* _DATA EXTRACT_

- - -

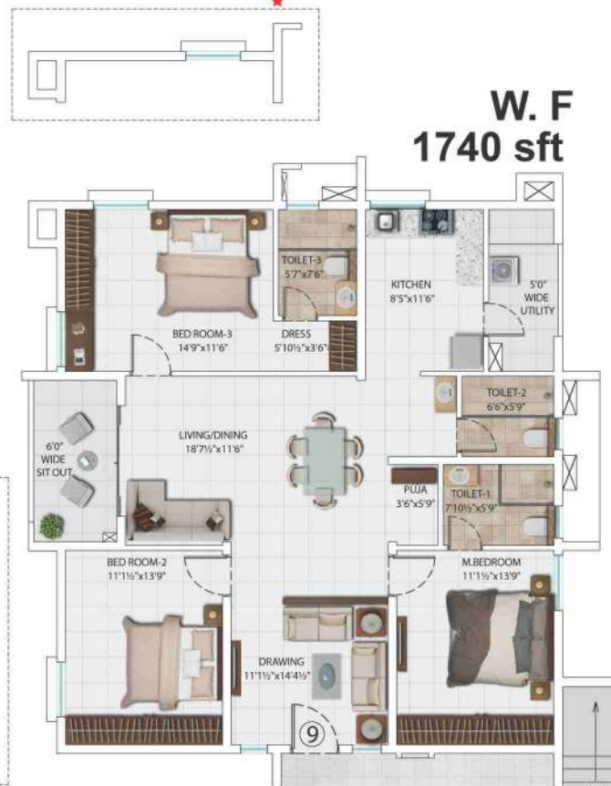
W. F 1740 sft
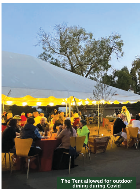
The Tent allowed for outdoor dining during Covid
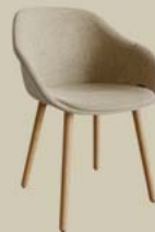
Fully upholstered shell
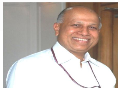
(Pradeep Kumar) Central Vigilance Commissioner

- - -

* _EXERCISE DIRECTIONS_
Return every line of the data above exactly, and omit all pictures.

* _TASK RESPONSE_
W. F 1740 sft
The Tent allowed for outdoor dining during Covid
Fully upholstered shell
(Pradeep Kumar) Central Vigilance Commissioner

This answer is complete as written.